Data for processing »
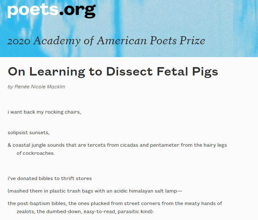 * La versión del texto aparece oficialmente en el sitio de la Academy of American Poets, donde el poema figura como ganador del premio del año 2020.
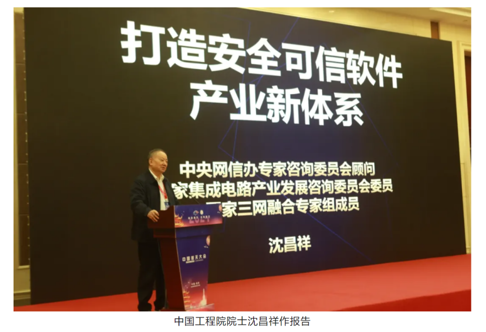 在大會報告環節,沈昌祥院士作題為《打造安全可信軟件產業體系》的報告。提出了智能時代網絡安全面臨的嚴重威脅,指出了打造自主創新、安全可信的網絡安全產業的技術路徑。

* * *

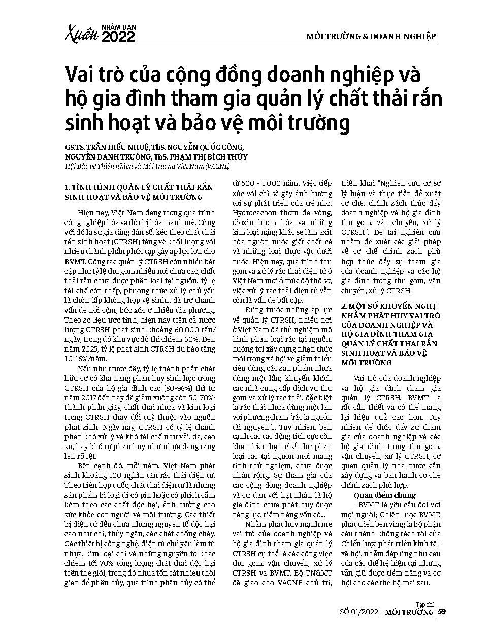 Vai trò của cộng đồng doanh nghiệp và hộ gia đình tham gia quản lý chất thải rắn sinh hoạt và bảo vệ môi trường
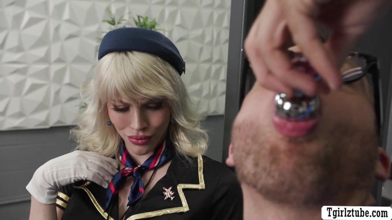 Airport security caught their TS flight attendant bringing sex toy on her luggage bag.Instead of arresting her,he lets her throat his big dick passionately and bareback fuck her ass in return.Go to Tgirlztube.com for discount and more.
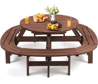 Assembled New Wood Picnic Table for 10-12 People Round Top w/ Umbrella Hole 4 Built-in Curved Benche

The task »
The result should be an exact copy of only the lines above from the one that holds "Airport security caught" through the one that holds "Assembled New Wood", both ends included, without pictures.

Task answer »
 Airport security caught their TS flight attendant bringing sex toy on her luggage bag.Instead of arresting her,he lets her throat his big dick passionately and bareback fuck her ass in return.Go to Tgirlztube.com for discount and more.
 Assembled New Wood Picnic Table for 10-12 People Round Top w/ Umbrella Hole 4 Built-in Curved Benche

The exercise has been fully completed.